Pasal tersebut tidak hanya bicara soal kesamaan kesempatan bagi peserta didik, tapi juga kesetaraan bagi pendidik atau tenaga kependidikan di semua jenis, jalur, dan jenjang pendidikan.
“Dalam konteks era merdeka belajar, pengembangan profesional guru disabilitas menjadi sangat penting untuk mewujudkan pendidikan inklusif yang berkualitas di Indonesia,” jelas Antoni.
Sudah Ada Upaya
Meski belum sepenuhnya tercapai, tapi Antoni tak memungkiri bahwa sudah ada upaya untuk meningkatkan kualitas pendidikan bagi peserta didik disabilitas.
“Memang kita juga harus akui sudah ada upaya untuk meningkatkan kualitas pendidikan bagi peserta didik disabilitas. Namun, masih terdapat tantangan dalam pengembangan profesionalitas guru disabilitas.”

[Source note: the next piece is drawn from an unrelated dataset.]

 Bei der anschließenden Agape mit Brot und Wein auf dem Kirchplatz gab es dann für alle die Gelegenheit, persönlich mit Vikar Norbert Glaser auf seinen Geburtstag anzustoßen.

“Kalau kita bicara soal kebijakan, pengembangan profesionalisme guru di Indonesia ini sudah lama, bahkan sudah lebih dari empat dekade. Dulu di 1980an ada yang namanya pemantapan kerja guru (PKG), ada juga kelompok kerja guru (KKG),” Antoni menjelaskan.
Pada 2005, terbit undang-undang guru dan dosen. Dari penerbitan UU ini, pemerintah mulai mengaitkan program sertifikasi guru dengan program profesionalisme guru.

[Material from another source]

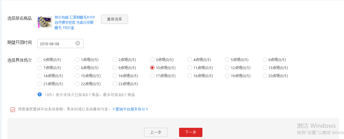 每次报名延后3天,每个排期时间段可报名5款宝贝,最后点击保存即可。

“Ada dulu yang namanya pendidikan dan pelatihan profesi guru. Dan sekarang, ada program pendidikan profesi guru (PPG).”
“Sangat banyak program yang merupakan kebijakan pemerintah untuk memajukan sumber daya pendidik di Indonesia. Namun, yang jadi pertanyaan, program yang sudah ada ini sejauh apa bisa diakses dan inklusif terhadap peningkatan jenjang karier guru disabilitas,” katanya.